Tarihçesi M.S. 6. yüzyıla kadar uzanan Büyükada, İstanbul sınırları içinden çıkmadan kentin gürültüsünden ve stresinden uzaklaşabileceğiniz, hem doğal güzellikleri hem de tarihi mirasıyla herkesi büyülemeyi başaran bir yerleşim yeri. 1846 yılından beri İstanbul’un farklı noktalarından Büyükada’ya vapur seferleri düzenlendiği için, keyifli bir kaçamak yapıp ada havası almak da artık bir İstanbul klasiği haline gelmiş durumda.

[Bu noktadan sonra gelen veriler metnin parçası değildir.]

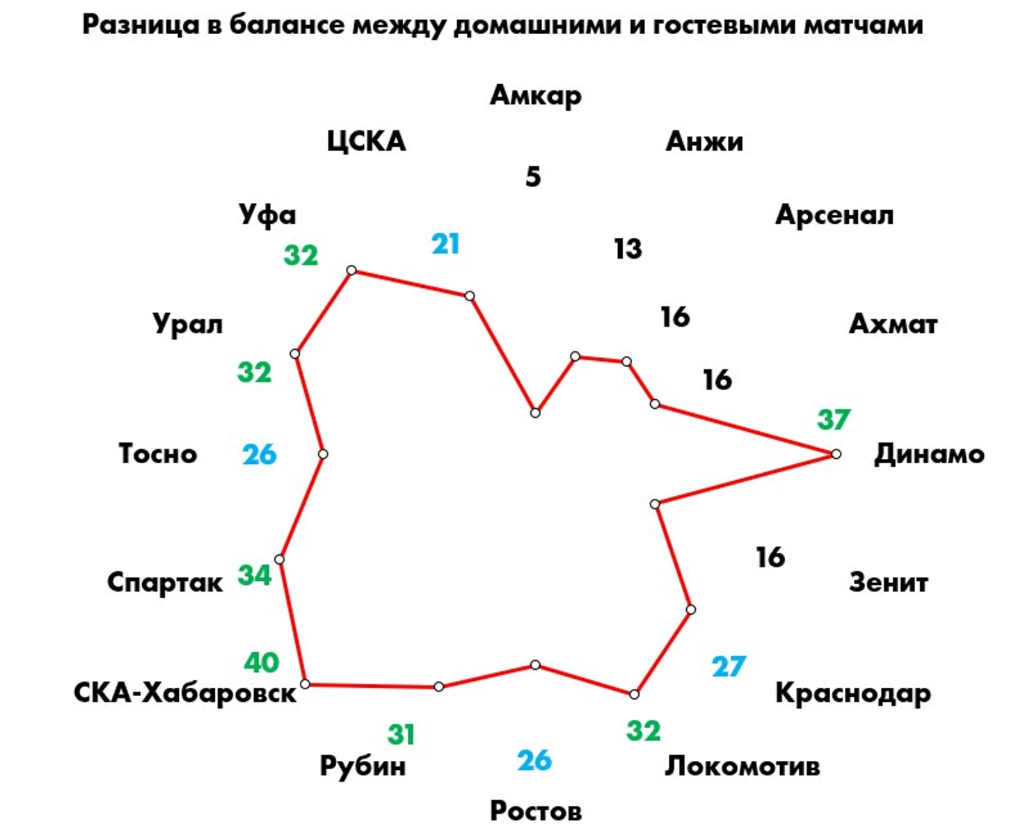 4. Помимо «Амкара», относительно стабильным балансом могут похвастаться «Анжи», «Арсенал, «Ахмат» и «Зенит», а наиболее зависимы от фактора поля хабаровчане (+40 – ну кто бы сомневался), а также столичные «Динамо» (+37) и «Спартак» (+34).

Siz de metropolden biraz uzaklaşmak ve kendinizi Büyükada’nın huzurlu kucağına bırakmak istiyorsanız, Büyükada Mavi tam da aradığınız konaklama adresi olabilir. Hem restoran ve çay bahçesi hem de otel olarak hizmet veren bu işletme, 2001 yılında Sibel Kartal ve İnci Övüç tarafından kurulmuş. İlk günden beri bir aile işletmesi olarak yoluna devam ediyor.
Her yıl nisan ve ekim ayları arasında hizmet veren Büyükada Mavi, adanın en sakin ve yeşil bölgelerinden biri olan Nizam Mahallesi’nin sınırları içinde. Denize olan mesafesi de yakın. Otele ev sahipliği yapan tarihi köşk, yüksek tavanları ve nostaljik atmosferiyle çok etkileyici bir ambiyans sunuyor. Otelin tüm odaları, köşkün büyük sofasına açılıyor. İşletmenin bulunduğu noktadan adanın eşsiz manzaralarını seyre dalmak da mümkün. Kısacası, burada ada ruhunu derinden hissedebiliyorsunuz.

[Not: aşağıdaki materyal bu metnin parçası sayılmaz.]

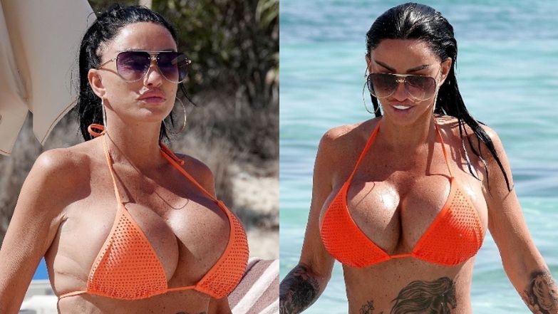 Paparazzi "przyłapali" ostatnio bankrutującą celebrytkę podczas beztroskich wakacji na Cyprze. Katie korzystała ze słonecznej pogody i oczywiście pochwaliła się plażowiczom efektami swoich "najnowszych" operacji plastycznej. Miłośniczka skalpela przechadzała się po plaży w skąpym pomarańczowym bikini, które ledwo utrzymało w ryzach jej piersi.
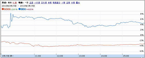 3月16日消息,受谷歌将退出中国市场传言的影响,百度股价在当地时间周一的常规交易中上涨26.6美元,涨幅为4.8%,报收于576.84美元,不但创下1个多月以来的比较高单日涨幅,股价也首次超过谷歌。
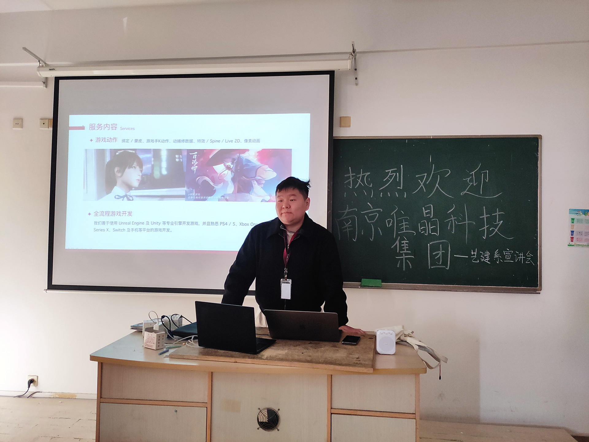 为了促进2021级麻豆传媒 高质量完成岗位实习,加深麻豆传媒 对用人单位及行业的认识,2023年3月27日,艺术设计与建筑工程系邀请南京唯晶信息科技有限公司负责人进校宣讲。2021级全体动漫制作技术专业的同学参加了宣讲会。

Büyükada Mavi’nin restoranı da yıllardır çok popüler ve kapıları hem otel ziyaretçilerine hem de dışarıdan gelen misafirlere açık. Tesiste oda kahvaltı konsepti uygulandığı için, otel ziyaretçileri kahvaltı servisinden ücretsiz şekilde yararlanabiliyor. Otel odaları 2, 3 ya da 5 kişilik şekilde tasarlanmış. Bazıları deniz, bazıları orman, bazıları da bahçe manzarasına bakıyor. Restoran bölümünden günün üç ana öğünde de yararlanmak mümkün. Büyükada Mavi’nin özellikle serpme kahvaltısı ziyaretçiler tarafından çok seviliyor. Restoranda bazı hafta sonları canlı müzik etkinlikleri de düzenleniyor.